Exercise requirements: Your answer must be the data repeated exactly, with no pictures in it.

Information shown:
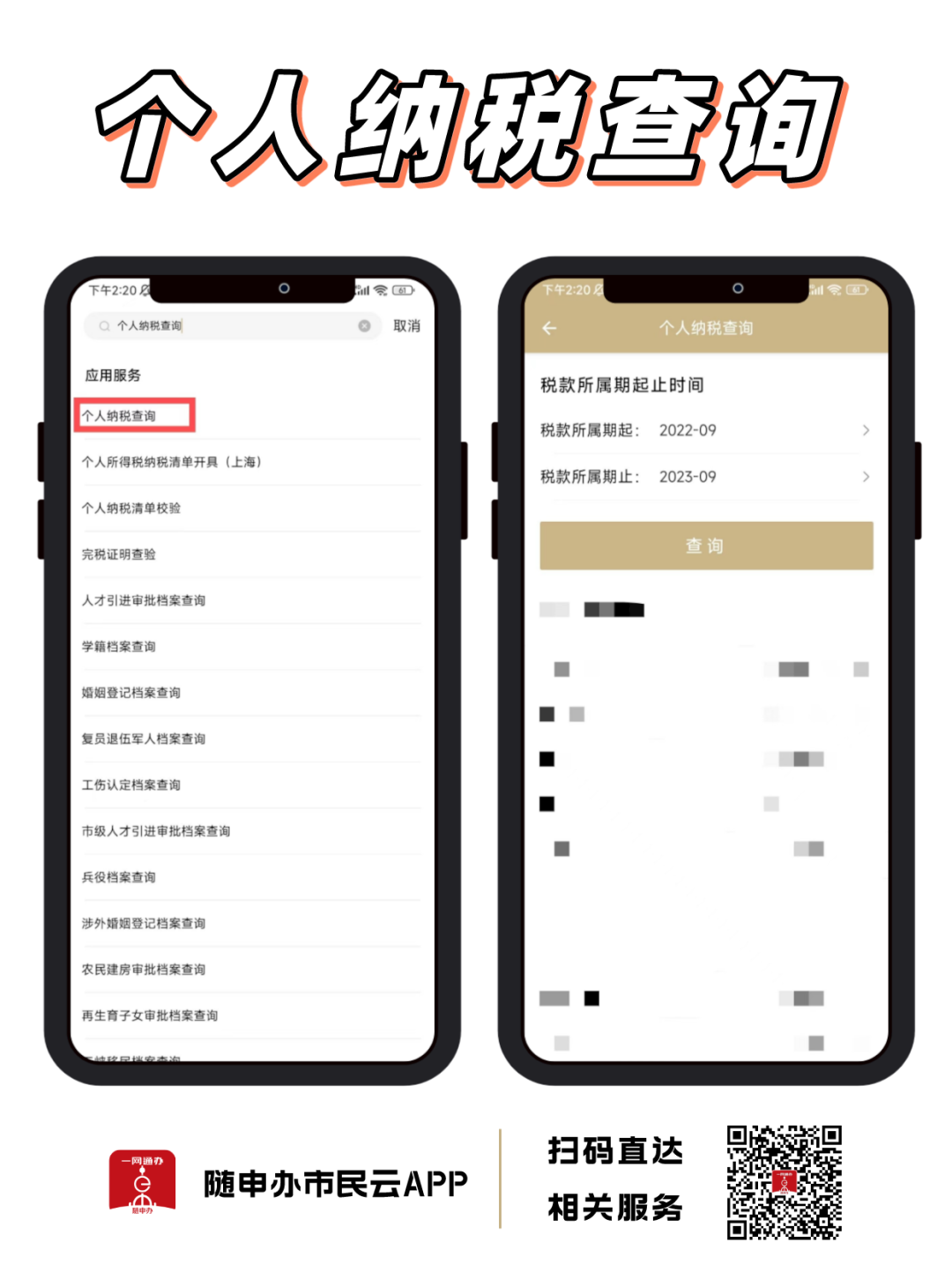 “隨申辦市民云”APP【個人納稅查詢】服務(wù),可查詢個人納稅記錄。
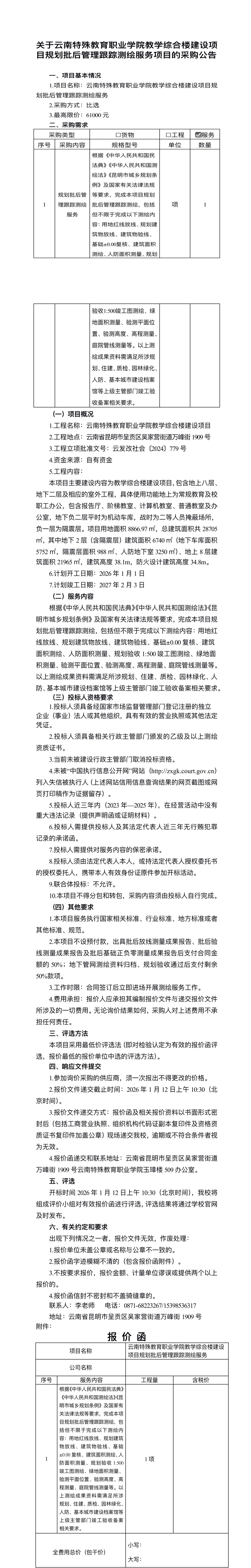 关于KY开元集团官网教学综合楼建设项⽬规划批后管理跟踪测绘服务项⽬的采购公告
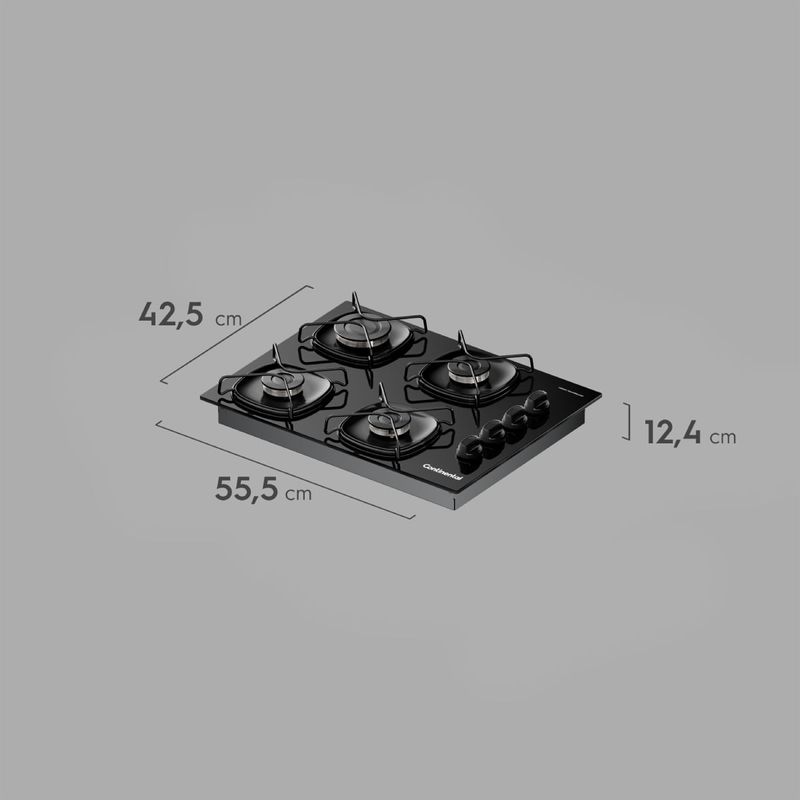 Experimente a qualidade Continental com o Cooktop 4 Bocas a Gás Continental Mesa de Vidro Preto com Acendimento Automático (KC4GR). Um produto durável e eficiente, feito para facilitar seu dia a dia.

Solution:
 “隨申辦市民云”APP【個人納稅查詢】服務(wù),可查詢個人納稅記錄。
 关于KY开元集团官网教学综合楼建设项⽬规划批后管理跟踪测绘服务项⽬的采购公告
 Experimente a qualidade Continental com o Cooktop 4 Bocas a Gás Continental Mesa de Vidro Preto com Acendimento Automático (KC4GR). Um produto durável e eficiente, feito para facilitar seu dia a dia.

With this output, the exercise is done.